- _Requirement_:
Within the entries below, please return exactly the lines from the one with "[02:09.21] Dear little sister of mine." through the one with "7.2.10 N Premium", leaving out any pictures.

- _Exercise data_:
┄┄┄┄┄┄┄┄┄┄┄┄┄┄┄┄┄┄┄┄

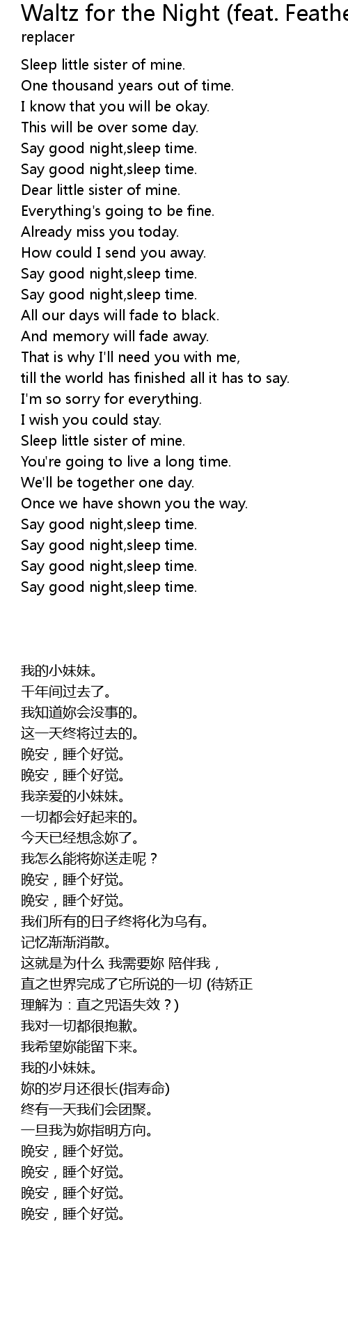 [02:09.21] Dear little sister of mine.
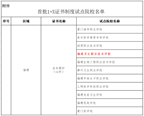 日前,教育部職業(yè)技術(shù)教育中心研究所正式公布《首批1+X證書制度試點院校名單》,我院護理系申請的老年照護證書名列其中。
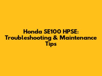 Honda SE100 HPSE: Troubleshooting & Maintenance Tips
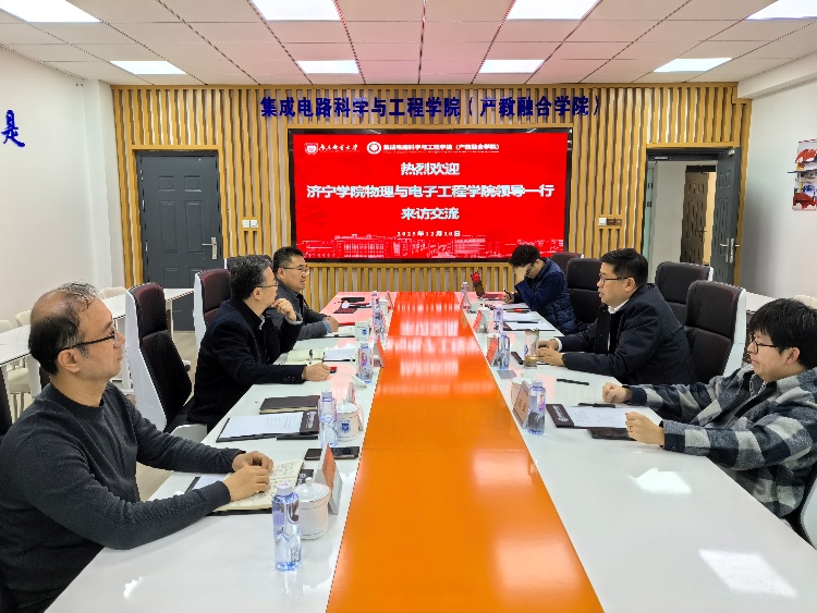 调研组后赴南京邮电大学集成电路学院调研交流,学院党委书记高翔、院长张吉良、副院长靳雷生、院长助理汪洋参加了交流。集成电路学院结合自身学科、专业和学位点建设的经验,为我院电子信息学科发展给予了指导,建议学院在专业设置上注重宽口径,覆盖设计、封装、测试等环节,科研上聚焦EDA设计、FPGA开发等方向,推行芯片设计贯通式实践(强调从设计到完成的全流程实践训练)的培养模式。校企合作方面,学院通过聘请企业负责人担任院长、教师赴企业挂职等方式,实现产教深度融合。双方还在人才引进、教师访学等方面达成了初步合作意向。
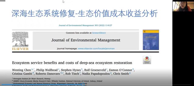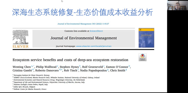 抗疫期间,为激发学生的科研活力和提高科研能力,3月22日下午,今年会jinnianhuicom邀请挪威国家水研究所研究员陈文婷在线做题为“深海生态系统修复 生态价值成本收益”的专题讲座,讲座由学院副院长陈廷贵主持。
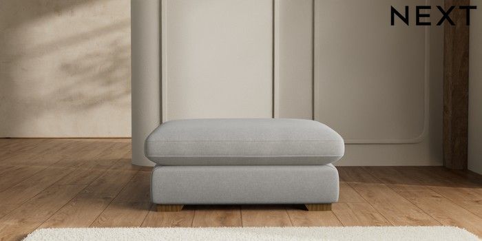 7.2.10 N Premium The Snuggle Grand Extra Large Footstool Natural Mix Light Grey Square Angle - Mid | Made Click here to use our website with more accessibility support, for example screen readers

┄┄┄┄┄┄┄┄┄┄┄┄┄┄┄┄┄┄┄┄

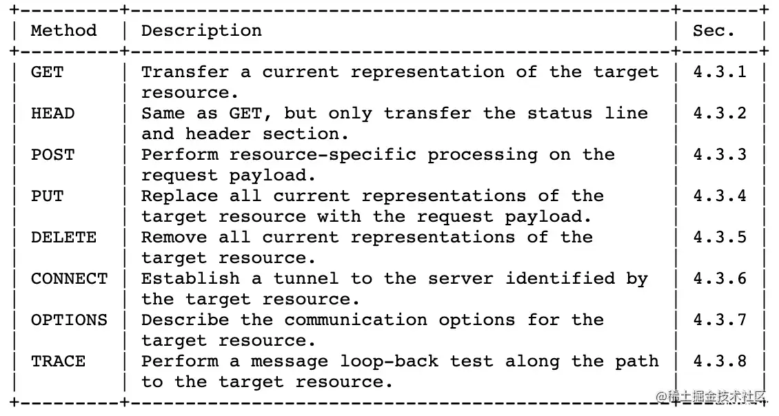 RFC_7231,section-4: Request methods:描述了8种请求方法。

┄┄┄┄┄┄┄┄┄┄┄┄┄┄┄┄┄┄┄┄

- _Exercise solution_:
 [02:09.21] Dear little sister of mine.
 日前,教育部職業(yè)技術(shù)教育中心研究所正式公布《首批1+X證書制度試點院校名單》,我院護理系申請的老年照護證書名列其中。
 Honda SE100 HPSE: Troubleshooting & Maintenance Tips
 调研组后赴南京邮电大学集成电路学院调研交流,学院党委书记高翔、院长张吉良、副院长靳雷生、院长助理汪洋参加了交流。集成电路学院结合自身学科、专业和学位点建设的经验,为我院电子信息学科发展给予了指导,建议学院在专业设置上注重宽口径,覆盖设计、封装、测试等环节,科研上聚焦EDA设计、FPGA开发等方向,推行芯片设计贯通式实践(强调从设计到完成的全流程实践训练)的培养模式。校企合作方面,学院通过聘请企业负责人担任院长、教师赴企业挂职等方式,实现产教深度融合。双方还在人才引进、教师访学等方面达成了初步合作意向。
 抗疫期间,为激发学生的科研活力和提高科研能力,3月22日下午,今年会jinnianhuicom邀请挪威国家水研究所研究员陈文婷在线做题为“深海生态系统修复 生态价值成本收益”的专题讲座,讲座由学院副院长陈廷贵主持。
 7.2.10 N Premium The Snuggle Grand Extra Large Footstool Natural Mix Light Grey Square Angle - Mid | Made Click here to use our website with more accessibility support, for example screen readers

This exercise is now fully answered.